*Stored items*
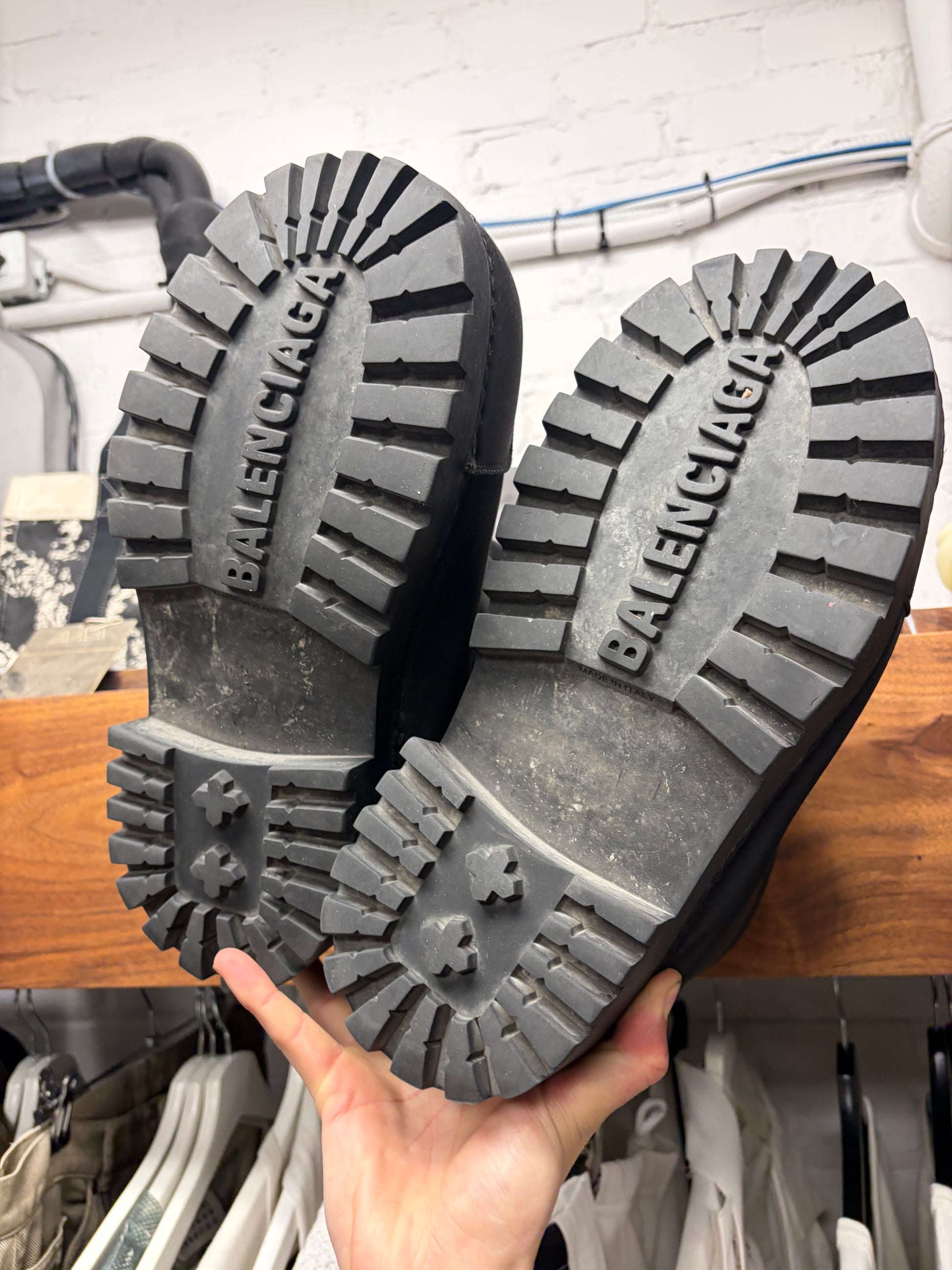 For sale is a pair of Balenciaga ‘Alaska’ Black Oversized Low Top Boots
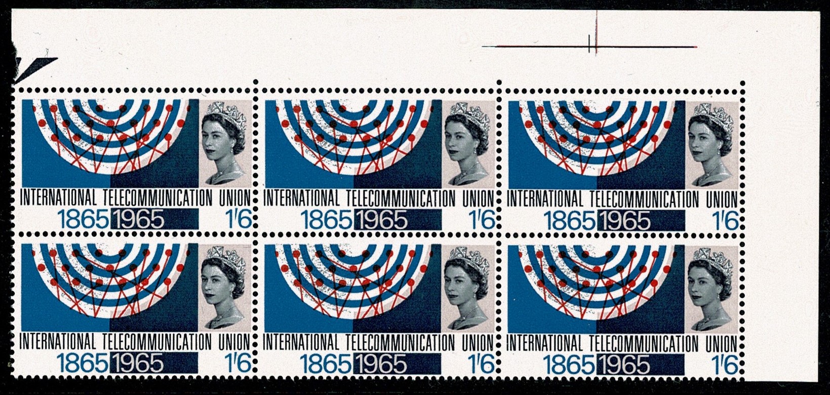 1965 ITU 1/6 (ord). Constant variety "retouched arm" SG Spec. W80d
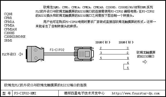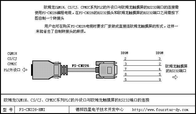 欧姆龙CQM1H、CS、CJ、CPM2C系列PLC的外设口到欧姆龙触摸屏的RS232端口的连接电缆
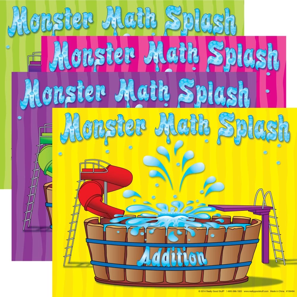 - INCLUDES: 4 game mats (Size: 11″ by 8-1/2″ each), 80 monster tiles (Size: 1-1/4″ by 1-1/4″ each), 1 double spinner (Size: 9-3/4″ by 4-3/4″), 1 laminated task card (Size: 9″ by 6″), Really Good Instructional Guide, and 1 hanging plastic bag (Size: 11″ by 13-1/4″).
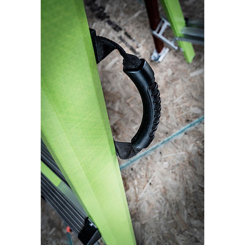 Weight-balanced carrying handle simplifies the transportation of the ladder.
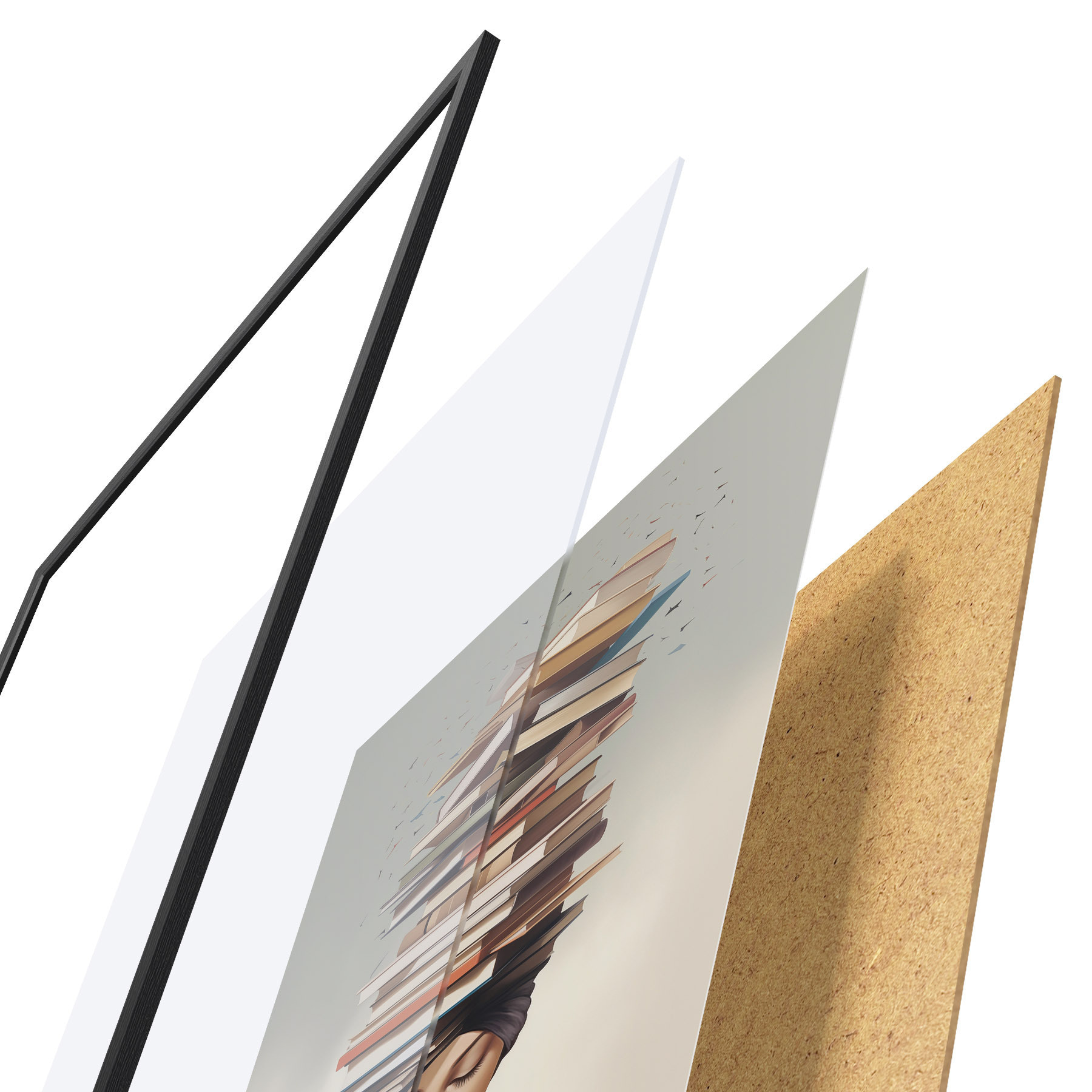 De poster bestaat uit een frame, plexiglas, geprinte afbeelding en spaanplaat achterkant. De poster kan meteen aan de muur worden gehangen dankzij de bevestigingen op de achterkant.
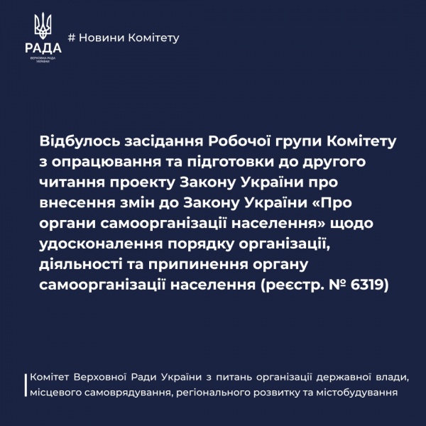 3 жовтня 2025 року Робоча група Комітету з опрацювання та підготовки до другого читання проекту Закону України про внесення змін до Закону України «Про органи самоорганізації населення» щодо удосконалення порядку організації, діяльності та припинення органу самоорганізації населення (реєстр. № 6319) провела чергове засідання.
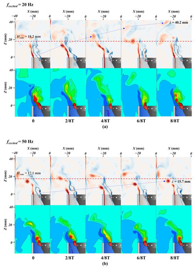 The distribution of vorticity and equivalence ratio at the y = 0 plane during one excitation period is presented in Figure 11. In the vorticity contour, the blue dashed line represents the evolution of the external vortex structure, the red dashed line represents the flame height (Hcom) measured under the respective excitation conditions experimentally, and the black solid line shows the expected flame shape under stoichiometric fraction. Significant differences in vortex generation and axial convective velocity were observed under the influence of harmonic responses to different excitation frequencies. Under 150 Hz excitation, a single vortex was formed at the inlet that underwent complete evolution, including growth, detachment, and downstream propagation. The coexistence of multiple vortices downstream of the nozzle corresponded to folds in the local equivalence ratio distribution. The expected flame height was relatively stable during the excitation period. However, under 50 Hz excitation, a larger outer vortex and fragmented smaller vortices were discernible within the excitation period. This phenomenon could be attributed to the interference of the 100 Hz harmonic response on the flow field’s reaction to the 50 Hz excitation. The motion of the larger outer vortex aligned with the fragmentation of the equivalence ratio field, and a fracture even appeared in the expected flame shape (2/8T). Under 20 Hz excitation, the vortex structure within the period became more intricate, indicating the presence of stronger harmonic responses. Compared to 50 Hz, the axial stretching and fragmentation of the equivalence ratio field became more pronounced, leading to a more complex, expected flame shape. To analyze the vortex convective transport process, the axial convective wavelength λ [46] was defined as the axial height at which the vortex propagated downstream within one excitation period. The axial convective wavelengths of the vortex under different excitations are annotated in Figure 11. By calculating the ratio of the excitation period t to the axial convective wavelength λ, the axial convective velocity Ue of the vortex could be determined, which played a crucial role in calculating the flame delay time. The vortex axial convective velocity decreased with increasing excitation frequencies, with respective values of 0.803 m/s, 0.783 m/s, and 0.496 m/s. Further calculations for the ratio of vortex axial convective velocity to the mean inlet jet velocity Uj (1.105 m/s) revealed that under excitation frequencies of 20 Hz, the axial vortex convective velocity is slightly less than the jet velocity. This supported the assumption that the vortex convective velocity was often regarded as the jet velocity [6,47]. Future research is necessary to explore the influence of flame thermal expansion on vortex convective velocity under reacting conditions. Specific values can be found in Table 3.
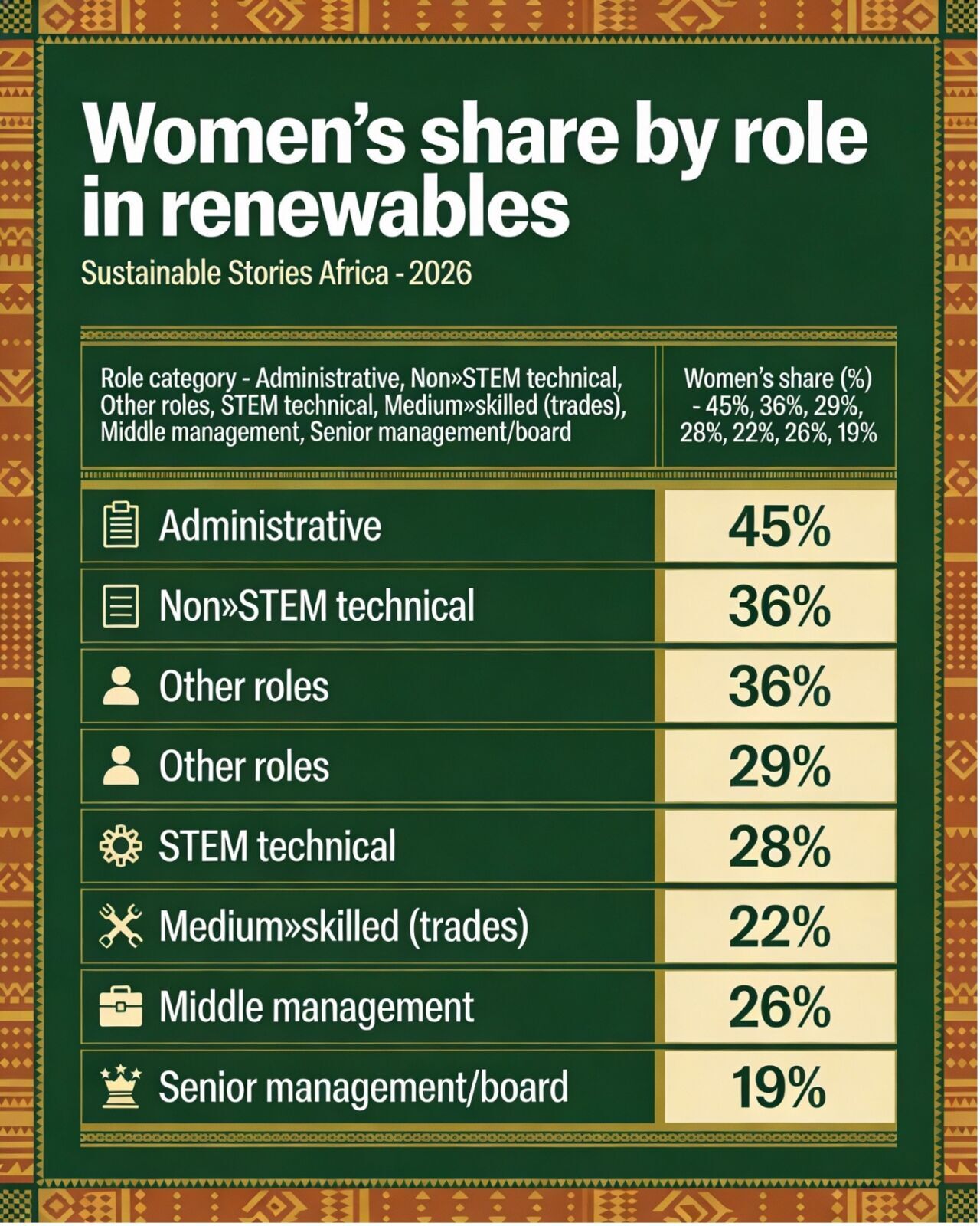 Inside renewables' silent glass ceilings. The report's disaggregated role data strips away the illusion that a 32% average signals equity. In administrative positions, women almost reach parity at 45%, and they hold 36% of non‑STEM technical jobs such as legal, policy or sustainability advisory roles.

*Directions*
Return all of the lines above without alteration, minus the pictures.

*Written answer*
 For sale is a pair of Balenciaga ‘Alaska’ Black Oversized Low Top Boots
 1965 ITU 1/6 (ord). Constant variety "retouched arm" SG Spec. W80d
 欧姆龙CQM1H、CS、CJ、CPM2C系列PLC的外设口到欧姆龙触摸屏的RS232端口的连接电缆
 - INCLUDES: 4 game mats (Size: 11″ by 8-1/2″ each), 80 monster tiles (Size: 1-1/4″ by 1-1/4″ each), 1 double spinner (Size: 9-3/4″ by 4-3/4″), 1 laminated task card (Size: 9″ by 6″), Really Good Instructional Guide, and 1 hanging plastic bag (Size: 11″ by 13-1/4″).
 Weight-balanced carrying handle simplifies the transportation of the ladder.
 De poster bestaat uit een frame, plexiglas, geprinte afbeelding en spaanplaat achterkant. De poster kan meteen aan de muur worden gehangen dankzij de bevestigingen op de achterkant.
 3 жовтня 2025 року Робоча група Комітету з опрацювання та підготовки до другого читання проекту Закону України про внесення змін до Закону України «Про органи самоорганізації населення» щодо удосконалення порядку організації, діяльності та припинення органу самоорганізації населення (реєстр. № 6319) провела чергове засідання.
 The distribution of vorticity and equivalence ratio at the y = 0 plane during one excitation period is presented in Figure 11. In the vorticity contour, the blue dashed line represents the evolution of the external vortex structure, the red dashed line represents the flame height (Hcom) measured under the respective excitation conditions experimentally, and the black solid line shows the expected flame shape under stoichiometric fraction. Significant differences in vortex generation and axial convective velocity were observed under the influence of harmonic responses to different excitation frequencies. Under 150 Hz excitation, a single vortex was formed at the inlet that underwent complete evolution, including growth, detachment, and downstream propagation. The coexistence of multiple vortices downstream of the nozzle corresponded to folds in the local equivalence ratio distribution. The expected flame height was relatively stable during the excitation period. However, under 50 Hz excitation, a larger outer vortex and fragmented smaller vortices were discernible within the excitation period. This phenomenon could be attributed to the interference of the 100 Hz harmonic response on the flow field’s reaction to the 50 Hz excitation. The motion of the larger outer vortex aligned with the fragmentation of the equivalence ratio field, and a fracture even appeared in the expected flame shape (2/8T). Under 20 Hz excitation, the vortex structure within the period became more intricate, indicating the presence of stronger harmonic responses. Compared to 50 Hz, the axial stretching and fragmentation of the equivalence ratio field became more pronounced, leading to a more complex, expected flame shape. To analyze the vortex convective transport process, the axial convective wavelength λ [46] was defined as the axial height at which the vortex propagated downstream within one excitation period. The axial convective wavelengths of the vortex under different excitations are annotated in Figure 11. By calculating the ratio of the excitation period t to the axial convective wavelength λ, the axial convective velocity Ue of the vortex could be determined, which played a crucial role in calculating the flame delay time. The vortex axial convective velocity decreased with increasing excitation frequencies, with respective values of 0.803 m/s, 0.783 m/s, and 0.496 m/s. Further calculations for the ratio of vortex axial convective velocity to the mean inlet jet velocity Uj (1.105 m/s) revealed that under excitation frequencies of 20 Hz, the axial vortex convective velocity is slightly less than the jet velocity. This supported the assumption that the vortex convective velocity was often regarded as the jet velocity [6,47]. Future research is necessary to explore the influence of flame thermal expansion on vortex convective velocity under reacting conditions. Specific values can be found in Table 3.
 Inside renewables' silent glass ceilings. The report's disaggregated role data strips away the illusion that a 32% average signals equity. In administrative positions, women almost reach parity at 45%, and they hold 36% of non‑STEM technical jobs such as legal, policy or sustainability advisory roles.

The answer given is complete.